San Francisco 49ers receivers
Who is going to fill the hole created by Terrell Owens' departure? Truth is, it'll probably take at least three players to plug the gap. Cedrick Wilson was the 49ers' top fantasy receiver on Sunday, hauling in seven passes for 94 yards and a touchdown. But teammates Brandon Lloyd and TE Eric Johnson also figure to play a big role. Despite only four catches, Lloyd was targeted 12 times by San Francisco's quarterbacks. And Johnson kept pace with Wilson by gathering eight catches for 86 yards and a score. All three players are worth stashing on a fantasy bench. And if Johnson continues to produce at a level even close to what he put up in Week 1, he'll be wasted in a reserve role.
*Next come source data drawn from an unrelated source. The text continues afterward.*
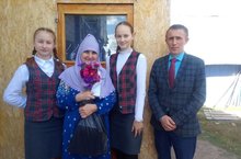Директор школы Гайбадуллин И.Б. вместе с ученицами 9 класса поздравили ветеранов, бывших сотрудников нашей школы.
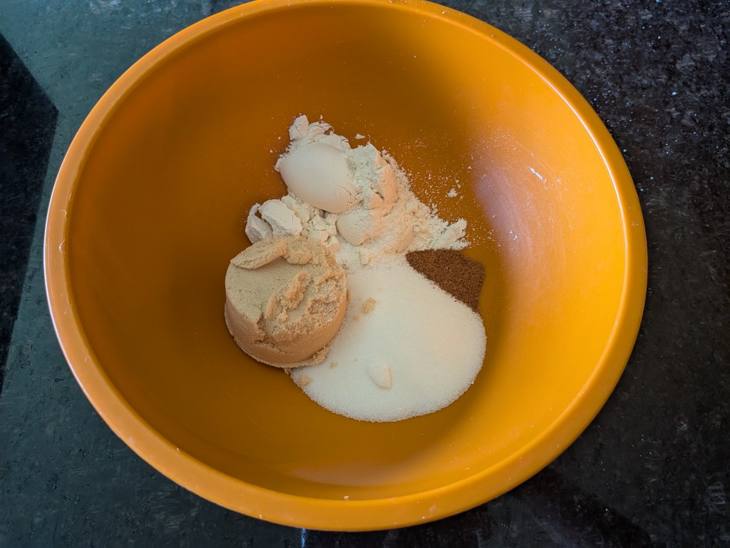 Next the filling mixture, brown and white sugar, flour, salt, and the optional nutmeg.
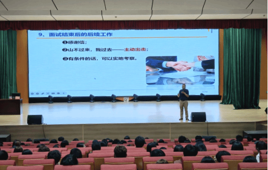 雷玉良老师拥有15年大型上市公司HR管理实战经验,他在讲座中围绕就业观念、简历制作、招聘平台选择、面试技巧、就业协议签订及就职初期职业规划展开讲解,强调“量力而行、精准定位、主动求职”。他还讲解了就业协议签订注意事项,寄语同学们工作前五年以积累经验、提升能力为核心,做到“专业可不对口,但能力必须匹配”。
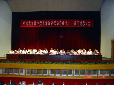 7月28日上午,中国农工民主党黑龙江省委成立20周年纪念大会在哈尔滨和平邨宾馆隆重召开。全国政协副主席、农工党中央常务副主席陈宗兴到会祝贺并致辞。中共黑龙江省委常委、组织部长龙新南代表中共黑龙江省委、省政府到会祝贺并致贺辞。黑龙江省政协副主席、民革黑龙江省委主委何小平代表黑龙江省民革、民盟、民建、民进、九三学社、工商联宣读贺词。农工党中央副主席、农工党黑龙江省委主委陈述涛发言。黑龙江省领导程幼东、王利民、陶夏新,农工党黑龙江省原主委王廼谦等出席会议。农工党省委会副主委刘长青、纪效民、马立群、郭春景、宋立权、林志国、高翔,省政府参事、省委会原副主委钟震宇出席会议,大会由刘长青主持,来自全省的农工党员代表及受表彰的优秀集体和优秀个人代表300余人参加会议。
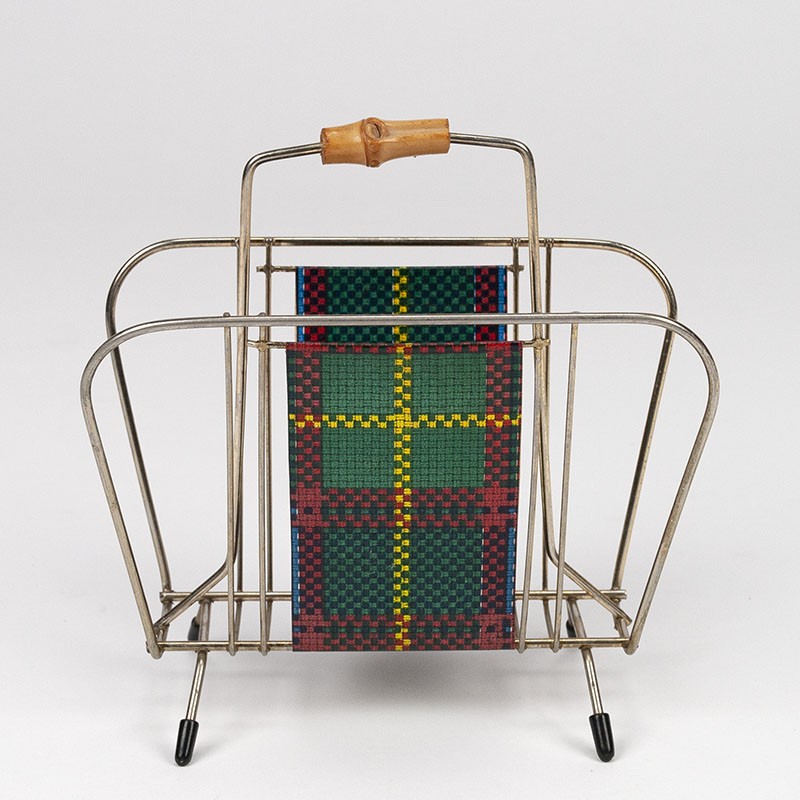 Vintage letter holder from the sixties. Nice model with tartan (synthetic) and brass-colored metal. The condition is good, see details. The dimensions are 15 cm wide, 7.5 cm deep and 15 cm high.

Doug Gabriel, Oakland – 3 catches for 81 yards (58 long), 1 TD
Counting the preseason, Gabriel now has four touchdowns in five games, all of which have come from a distance of 34 yards or longer. In Week 1, he hauled in a 58-yard bomb from Rich Gannon for a score. Clearly, the Raiders are going to look for a big play from Gabriel at least a couple times a game. Against Pittsburgh, Gabriel was tried on a reverse and hauled in an 18-yard pass in addition to his TD catch. No doubt, Gabriel would be a gamble to throw into a starting spot on your fantasy roster, but this type of wager comes with a high upside.

Daniel Graham, New England, TE – 7 catches for 57 yards, 1 TD
On Thursday, Graham looked every bit the player New England envisioned he'd be when they made him the 21st pick overall in the '02 NFL Draft. Graham tied a career high with seven receptions against Indianapolis for 57 yards and a touchdown. And his impact was felt by members of the Colts secondary, who on more than one occasion were seen bouncing off of the 6-foot-3, 260-pound Graham. Look to Graham as an upgrade for those rolling with a Bubba Franks or Marcus Pollard in the TE slot.